▶ [EXCERPTED DATA]
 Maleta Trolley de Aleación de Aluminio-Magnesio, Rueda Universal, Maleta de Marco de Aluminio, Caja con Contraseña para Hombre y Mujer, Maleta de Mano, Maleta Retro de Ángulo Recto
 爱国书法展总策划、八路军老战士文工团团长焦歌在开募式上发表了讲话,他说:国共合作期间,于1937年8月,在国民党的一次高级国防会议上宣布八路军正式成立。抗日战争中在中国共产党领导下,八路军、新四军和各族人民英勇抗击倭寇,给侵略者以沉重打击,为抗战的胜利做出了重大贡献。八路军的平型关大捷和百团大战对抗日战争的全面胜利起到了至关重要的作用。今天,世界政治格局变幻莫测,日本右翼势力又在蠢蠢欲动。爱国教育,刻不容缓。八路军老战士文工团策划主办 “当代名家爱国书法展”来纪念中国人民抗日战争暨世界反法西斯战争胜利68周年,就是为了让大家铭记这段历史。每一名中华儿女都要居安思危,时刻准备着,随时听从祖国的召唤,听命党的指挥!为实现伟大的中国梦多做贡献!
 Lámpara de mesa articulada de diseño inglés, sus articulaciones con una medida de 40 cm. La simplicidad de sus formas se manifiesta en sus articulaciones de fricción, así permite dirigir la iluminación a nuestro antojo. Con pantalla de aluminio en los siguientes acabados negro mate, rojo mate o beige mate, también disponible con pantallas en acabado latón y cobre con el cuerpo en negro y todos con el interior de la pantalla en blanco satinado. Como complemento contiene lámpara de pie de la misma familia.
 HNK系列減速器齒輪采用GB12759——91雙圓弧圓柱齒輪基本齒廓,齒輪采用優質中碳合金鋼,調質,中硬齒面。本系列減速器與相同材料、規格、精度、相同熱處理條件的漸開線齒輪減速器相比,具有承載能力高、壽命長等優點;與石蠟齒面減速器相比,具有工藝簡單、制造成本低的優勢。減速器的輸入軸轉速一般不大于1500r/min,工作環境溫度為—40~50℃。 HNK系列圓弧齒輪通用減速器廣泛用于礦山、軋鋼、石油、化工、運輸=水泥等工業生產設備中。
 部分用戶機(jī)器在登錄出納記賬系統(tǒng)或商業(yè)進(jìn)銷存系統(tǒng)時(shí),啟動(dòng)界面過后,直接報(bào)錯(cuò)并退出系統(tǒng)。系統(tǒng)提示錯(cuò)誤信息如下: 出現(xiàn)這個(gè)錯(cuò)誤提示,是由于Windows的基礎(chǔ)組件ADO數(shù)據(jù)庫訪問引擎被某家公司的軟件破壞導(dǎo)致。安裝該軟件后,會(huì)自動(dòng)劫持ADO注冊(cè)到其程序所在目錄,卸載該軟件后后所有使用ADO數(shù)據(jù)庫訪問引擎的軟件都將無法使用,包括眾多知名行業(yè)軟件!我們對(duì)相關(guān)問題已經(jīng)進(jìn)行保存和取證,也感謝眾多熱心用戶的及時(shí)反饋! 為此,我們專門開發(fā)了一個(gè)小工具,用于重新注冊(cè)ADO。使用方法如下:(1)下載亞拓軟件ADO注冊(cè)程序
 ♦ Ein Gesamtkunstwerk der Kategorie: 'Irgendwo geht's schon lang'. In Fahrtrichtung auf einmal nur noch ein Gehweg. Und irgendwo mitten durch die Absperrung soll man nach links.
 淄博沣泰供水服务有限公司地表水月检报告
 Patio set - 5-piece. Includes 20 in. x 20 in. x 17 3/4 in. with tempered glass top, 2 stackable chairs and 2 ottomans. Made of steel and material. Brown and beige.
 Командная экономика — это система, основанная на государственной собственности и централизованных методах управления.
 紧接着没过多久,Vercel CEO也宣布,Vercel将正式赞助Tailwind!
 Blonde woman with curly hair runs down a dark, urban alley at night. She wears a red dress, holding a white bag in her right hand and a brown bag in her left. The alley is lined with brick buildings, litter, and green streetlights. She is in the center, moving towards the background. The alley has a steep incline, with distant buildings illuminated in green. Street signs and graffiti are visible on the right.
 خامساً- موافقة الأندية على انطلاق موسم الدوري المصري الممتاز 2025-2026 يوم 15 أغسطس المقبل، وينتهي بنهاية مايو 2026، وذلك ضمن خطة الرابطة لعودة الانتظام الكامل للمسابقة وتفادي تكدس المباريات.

▶ [AIM OF THE TASK] At the first line of the material above, start reproducing each line exactly, and end with the line that holds "爱国书法展总策划、八路军老战", adding nothing.

▶ [YOUR SOLUTION]
 Maleta Trolley de Aleación de Aluminio-Magnesio, Rueda Universal, Maleta de Marco de Aluminio, Caja con Contraseña para Hombre y Mujer, Maleta de Mano, Maleta Retro de Ángulo Recto
 爱国书法展总策划、八路军老战士文工团团长焦歌在开募式上发表了讲话,他说:国共合作期间,于1937年8月,在国民党的一次高级国防会议上宣布八路军正式成立。抗日战争中在中国共产党领导下,八路军、新四军和各族人民英勇抗击倭寇,给侵略者以沉重打击,为抗战的胜利做出了重大贡献。八路军的平型关大捷和百团大战对抗日战争的全面胜利起到了至关重要的作用。今天,世界政治格局变幻莫测,日本右翼势力又在蠢蠢欲动。爱国教育,刻不容缓。八路军老战士文工团策划主办 “当代名家爱国书法展”来纪念中国人民抗日战争暨世界反法西斯战争胜利68周年,就是为了让大家铭记这段历史。每一名中华儿女都要居安思危,时刻准备着,随时听从祖国的召唤,听命党的指挥!为实现伟大的中国梦多做贡献!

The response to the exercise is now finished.